Sorry, I didn’t mean to post and run. I thought the thread died. This will be brief, but I’ll try to return and expand as required.

Infant industry and dumping are two different (although related) stories. In infant industry, the idea is that you experience lower costs a while after starting up, perhaps due to learning by doing or economies of scale. The idea is that the industry will turn out to be a comparative advantage industry after a while and will not need protection. That is, it is a temporary measure compatible in principle with free trade.

Anti-dumping is kind of the same but rather than an industry starting up it is that (again) temporary tariffs are required because - as BrainGlutton says - foreigners are attempting to wipe out an industry by selling at a loss. This would be a “bad thing” if it would be unduly costly to restart the industry when the foreigner gets sick of giving discounts. Similarly to infant industry, anti-dumping arguments are just acceptable in principle, but in practice are usually disguised handouts to industries which do not have comparative advantage. Google Polish golfcarts for an example of how this stuff works.

For both dumping and infant industry arguments, the standard policy prescription is a production subsidy, not a tariff (which can be thought of either as a combination production subsidy and consumption tax or a tax on trade [i.e. a tax on imports *and* exports]).

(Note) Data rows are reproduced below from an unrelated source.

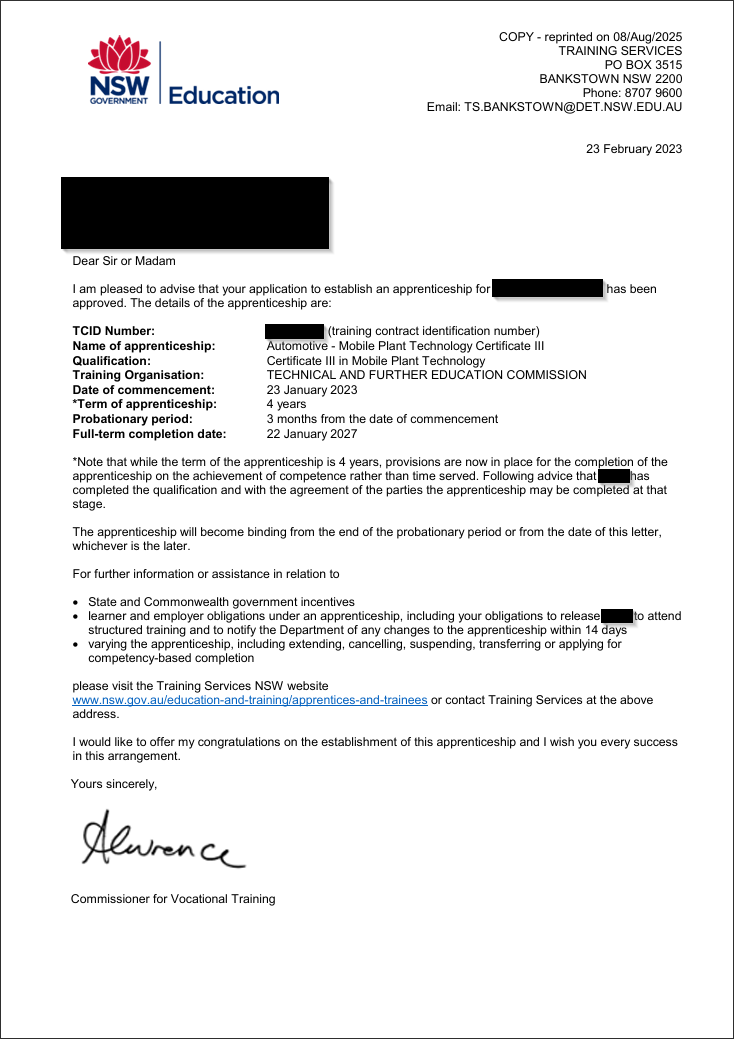 • Certificate needs to state "Maintenance and Diagnostics in Mechanical Engineering Level 4"
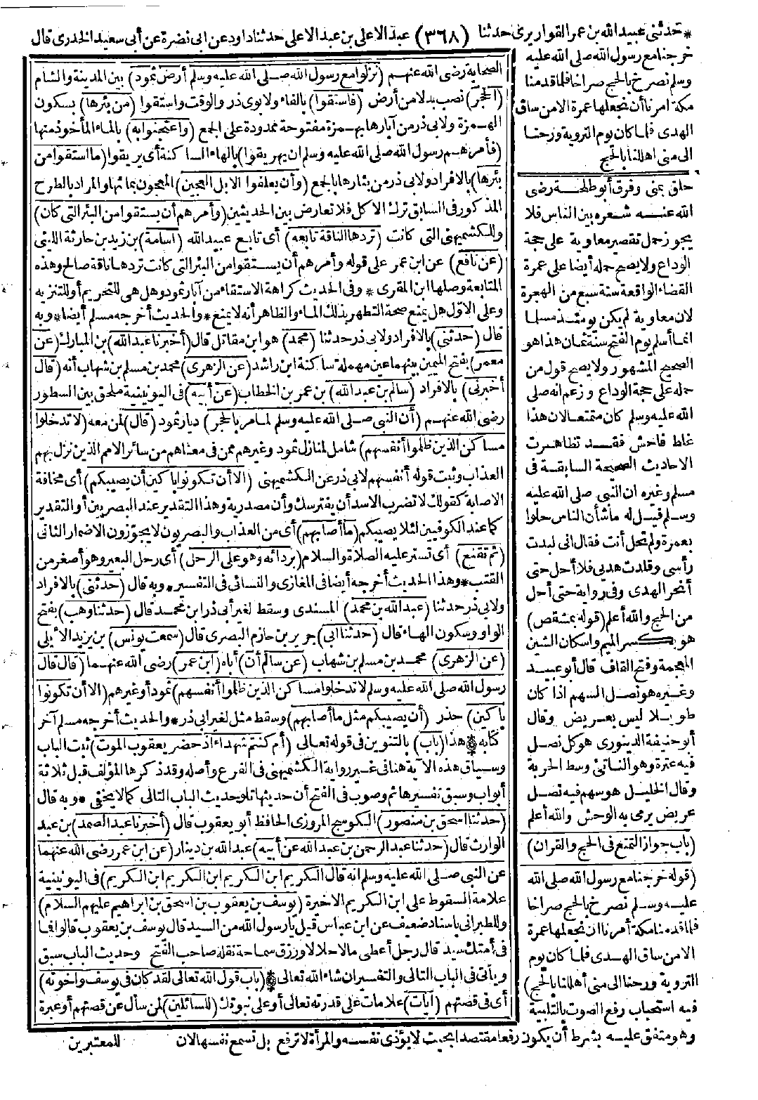 3380 - حَدَّثَنِي مُحَمَّدٌ أَخْبَرَنَا عَبْدُ اللَّهِ عَنْ مَعْمَرٍ عَنِ الزُّهْرِيِّ قَالَ: أَخْبَرَنِي سَالِمُ بْنُ عَبْدِ اللَّهِ عَنْ أَبِيهِ - رضي الله عنه-: أَنَّ النَّبِيَّ -صَلَّى اللَّهُ عَلَيْهِ وَسَلَّمَ- لَمَّا مَرَّ بِالْحِجْرِ قَالَ: «لاَ تَدْخُلُوا مَسَاكِنَ الَّذِينَ ظَلَمُوا، إِلاَّ أَنْ تَكُونُوا بَاكِينَ أَنْ يُصِيبَكُمْ مَا أَصَابَهُمْ. ثُمَّ تَقَنَّعَ بِرِدَائِهِ وَهْوَ عَلَى الرَّحْلِ».
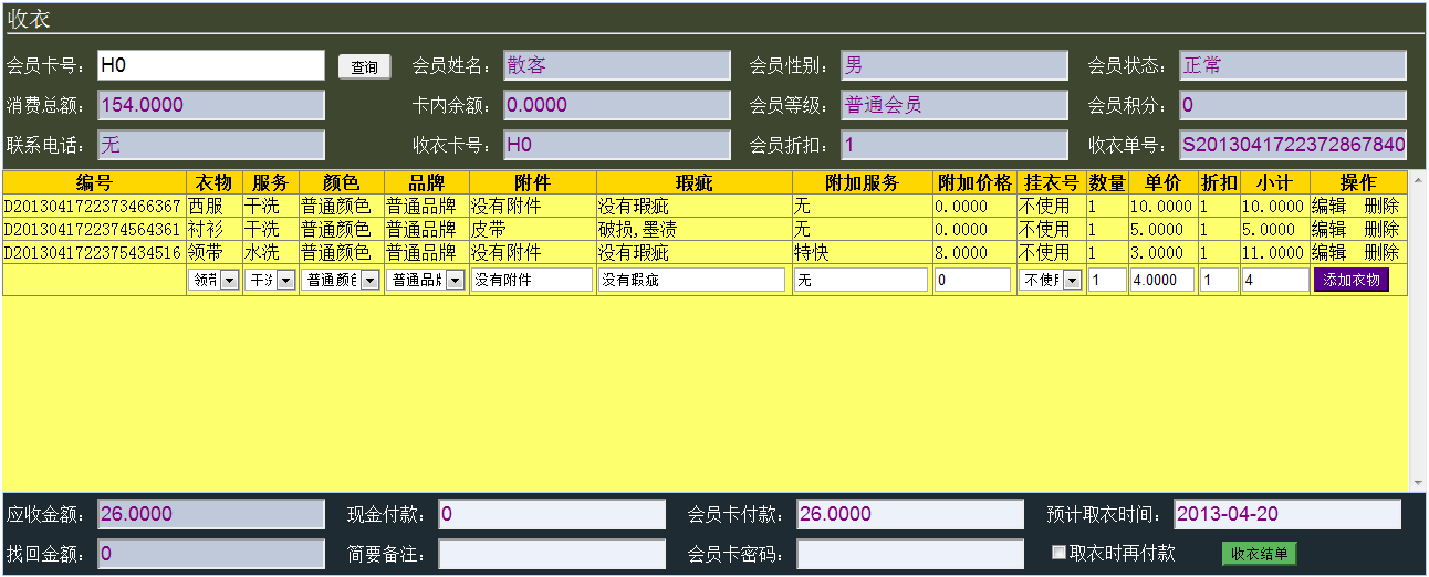 这个模块主要是收衣、取衣、撤销订单、退赔衣物、重洗衣物等操作,其余功能是为了方便查看相关信息。下面以“收衣”功能为例,界面与部分代码如下:
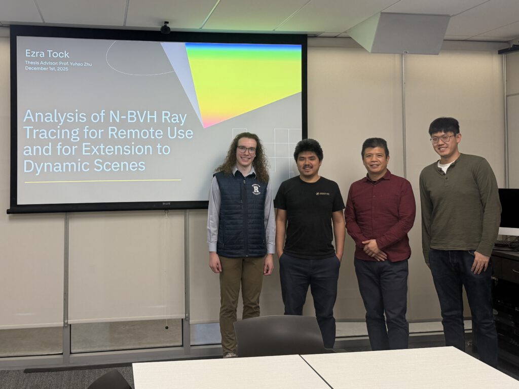 From left to right: me, Prof. Yuhao Zhu, Prof. Chen Ding, and Prof. Yukang Yang, after I successfully defended my thesis on December 1st, 2025.
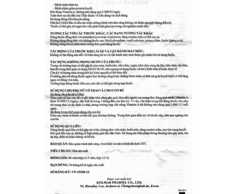 - Trường hợp dùng thuốc Maecran liều cao và kéo dài có thể gây tình trạng dung nạp thuốc.
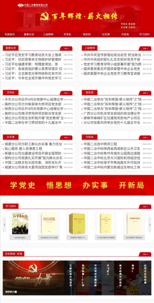 5月4日,公司黨群工作部特別策劃的“百年輝煌·薪火相傳”專題網(wǎng)頁正式上線,為深入學習宣傳貫徹習近平新時代中國特色社會主義思想,全面貫徹落實中國五礦、中冶集團黨史學習教育動員部署會相關(guān)要求,號召全體黨員干部學黨史、悟思想、辦實事、開新局,不斷增強抓好學習教育的思想自覺、政治自覺和行動自覺,高標準高質(zhì)量完成學習教育各項任務增開了新渠道。專題網(wǎng)站下設9個欄目,分別是“重要論述”“上級精神”“學黨史”“悟思想”“辦實事”“開新局”“黨史書架”“百年輝煌·影像”“百年輝煌·百花齊放”欄目。專題網(wǎng)站旨在打造思想引領(lǐng)、政策解讀、信息傳遞、成果展示、經(jīng)驗分享等為一體的黨史學習教育網(wǎng)上信息平臺,引導公司廣大黨員干部將思想和行動統(tǒng)一到中國二冶黨委部署上來,切實做到學史明理、學史增信、學史崇德、學史力行,一步一個腳印扎實推動公司各項事業(yè)向前發(fā)展,以優(yōu)異成績迎接建黨100周年!
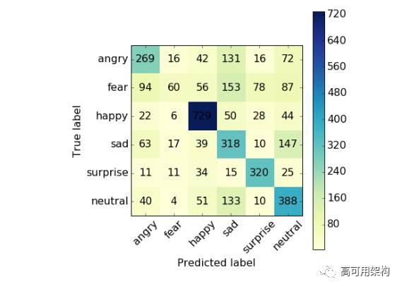 仔细看下每个表情的预测结果。图 9 是测试集的模型预测的混淆矩阵。矩阵给出表情预测的数量和多分类模型的效果展示:
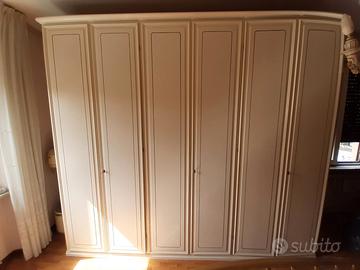 CAMERA completa a 1000 o a pezzi. ARMADIO GRANDE 400 ? Legno massello laccato ottimo stato, 6 ante ALTO 273 largo 311 x 60; -LETTO ottone massiccio 250? (no materassi no reti), COMO 125\95\55 e 2 comodini a 250?. MONTAGGIO TRASPORTO non compreso, per armadio si prendono 120-150 ?. A parte vendo specchio, 4 sedie, appendiabito in ottone, bel lampadario in ceramica a 3 luci. La camera è GIA' SMONTATA. Cedo per vendita casa ---Vedi altri miei annunci, mobili in ottimo stato !
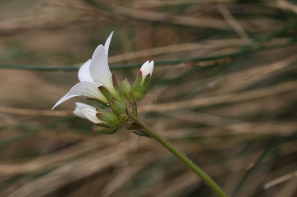 Die Blütenstängel sind wenigblütig, aufrecht, rispig verzweigt. Die Kronblätter sind weiß mit grünen Adern, 10–17 mm lang. Die Kelchblätter sind drüsig behaart.
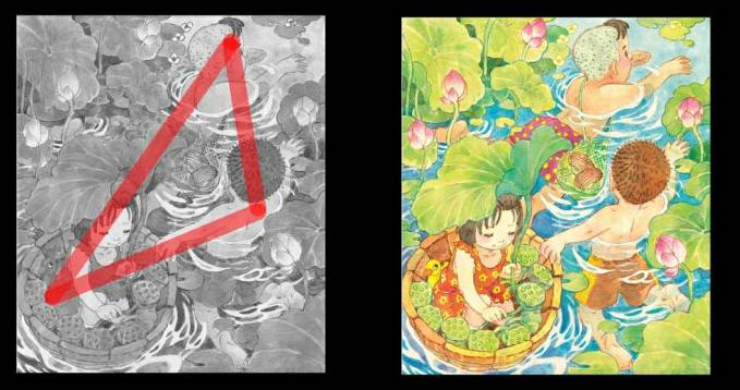 对分式构图:将画面左右或上下分为2:1比例的两部分。其中画面的一部分是主体,另一半是陪体。
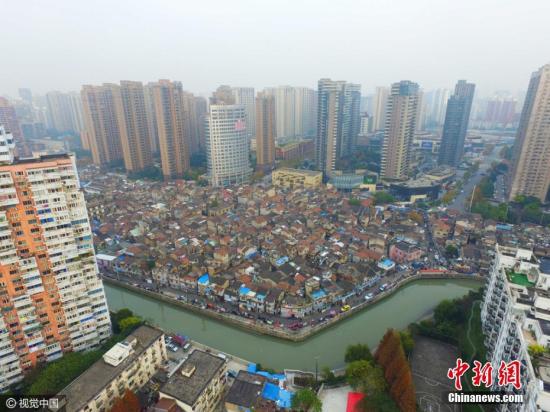 资料图:2016年12月07日,上海,航拍上海最大的棚户区——张桥。蒋一超 摄 图片来源:视觉中国
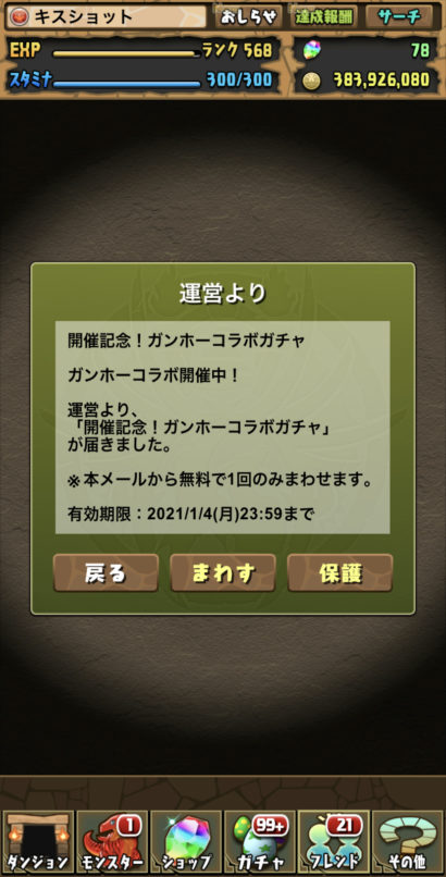 ちなみにコラボ開催を記念しての無料ガチャはパッとしない結果でした(笑)
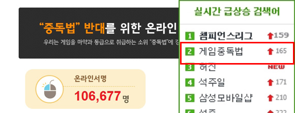... 협회는 이 법안에 반대해 최근 회의를 열고 '게임중동법'에 공동 대응하는 성명서를 발표하고 온라인에서 반대 서명운동을 진행하고 있다. 지난 10월 28일부터 시작된 '게임중독법' 반대 서명운동에는 이미 10만여 명이 넘는 네티즌들이 참여했으며 참가자는 계속 증가 중이다.
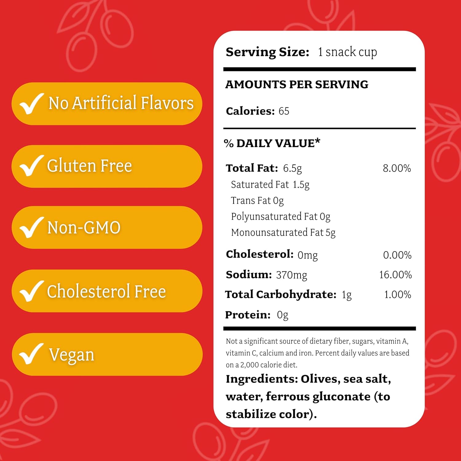 Snack and Go! Black Ripe Pitted Olives. Your favorite savory, salty snack is now on-the-go! These meaty black ripe olives are the perfect addition to any lunch or as a finger-friendly snack. Olive time, anytime!
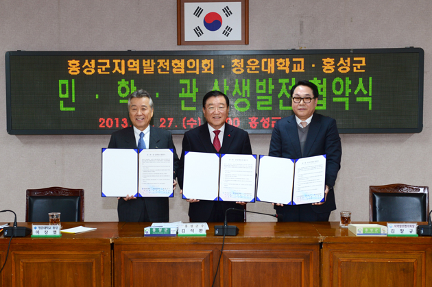 홍성군이 협치 행정구현을 위한 민·학·관 상생발전 협의체를 구성하고 본격적인 운영에 들어갔다. 군은 지난 27일 오후 4시 군청 회의실에서 김석환 군수, 홍성군지역발전협의회 김창규 회장, 청운대학교 이상렬 총장을 비롯한 관계자 50여명이 참석한 가운데 민·학·관 상생발전 협약식을 개최하고 민·학·관 협의체(이하 협의체)를 출범시켰다.
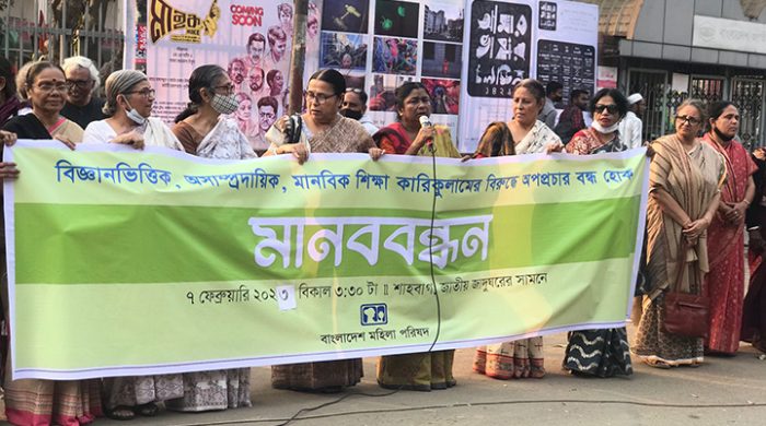 মশিউর আনন্দ: জাতীয় জাদুঘরের সামনে “বিজ্ঞান ভিত্তিক, অসাম্প্রদায়িক, মানবিক শিক্ষা কারিকুলামের বিরুদ্ধে অপপ্রচার বন্ধ করার দাবিতে” বাংলাদেশ মহিলা পরিষদের উদ্যোগে মানববন্ধন কর্মসূচি অনুষ্ঠিত হয়। মানববন্ধন কর্মসূচিতে সভাপতিত্ব করেন সংগঠনের সভাপতি
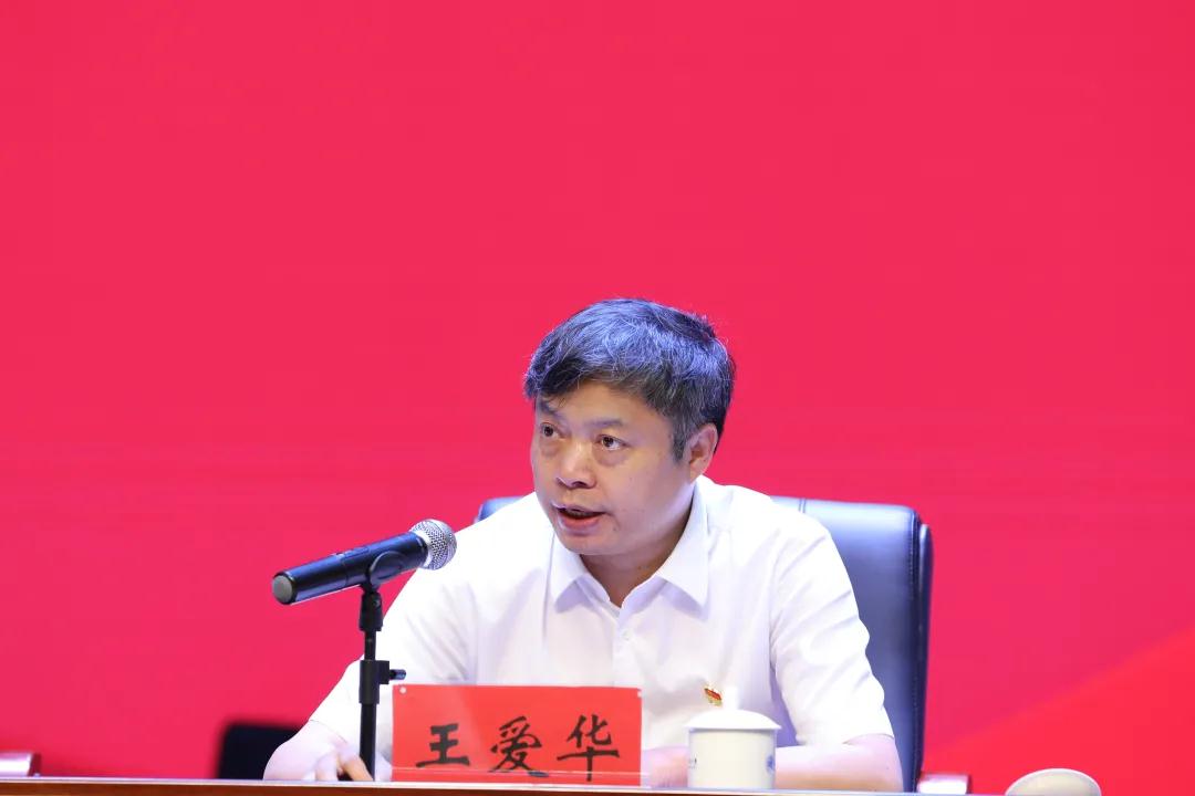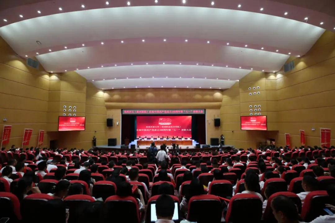 党委书记王爱华在讲话中代表学校党委向受到表彰的114名先进个人、26个先进集体表示热烈祝贺,并向全校共产党员和党务工作者致以节日的问候。王爱华书记表示,今天在此集会深入学习贯彻习近平总书记在庆祝中国共产党成立100周年大会上的重要讲话精神、认真学习省委书记谌贻琴同志在贵州省庆祝中国共产党成立100周年大会上讲话的讲话、共同追忆党走过的100年艰辛而辉煌的风雨历程、共同见证100年举世瞩目的辉煌成就,这即是党史学习教育的一次专题宣讲和专题党课,也是“学党史、悟思想、感党恩、知行合一、抢抓发展”的专题思政课。目的就是进一步激励和动员全校各级党组织、党员、干部和教职工,弘扬伟大的建党精神和脱贫攻坚精神,弘扬新时代贵州精神,坚定信心,振奋精神、开拓创新、锐意进取,共同谱写学校高质量跨越式发展恢弘篇章。

Both of these arguments are supposed to be different from plain old protectionist arguments. A really brief summary of the standard position about why trade is good:

Moving from autarky to trade hurts some industries and helps some industries (and the same applies to people) but – and this is the basic sense in which trade is “good” – the gainers could overcompensate the losers. Trade removes the constraint that a region has to consume only what it produces. When a region trades it can produce stuff it’s relatively cheap at producing and swap it for stuff it’s not.

If a country cannot influence its terms of trade (the prices of its imports and exports) then its optimal tariff is zero regardless of what other countries’ commercial policy is. There may be other types of policies that are justifiable (like production/ consumption taxes/ subsidies) and it may be that a there is a welfare improving “second best” tariff, but the optimal tariff is zero.

If a country can influence its import and export prices (and the US unquestionably can for many goods) then its optimal tariff is not zero. However, tariff reductions by others and the US would still be good.

Note that BrainGlutton’s

contains some truth and a hint of a fallacy: It is true that having a large internal market makes trade less important (at least to the extent that economies of scale matter). But trade interventions penalise consumers and comparative advantage (i.e. export) industries. It is not a matter of protecting all industries: you must hurt some. And crucially, remember that the ONLY reason you’d want to “sell US manufactured goods abroad” is to import stuff.

:confused: That might be how the government would look at it . . . The individual exporters would be concerned with exchanging their goods for money, not “stuff,” and likely would be indifferent to the material-imports side of the balance-of-trade report.

If the foreigners had nothing anyone here wanted to buy, they wouldn’t be able to buy our money.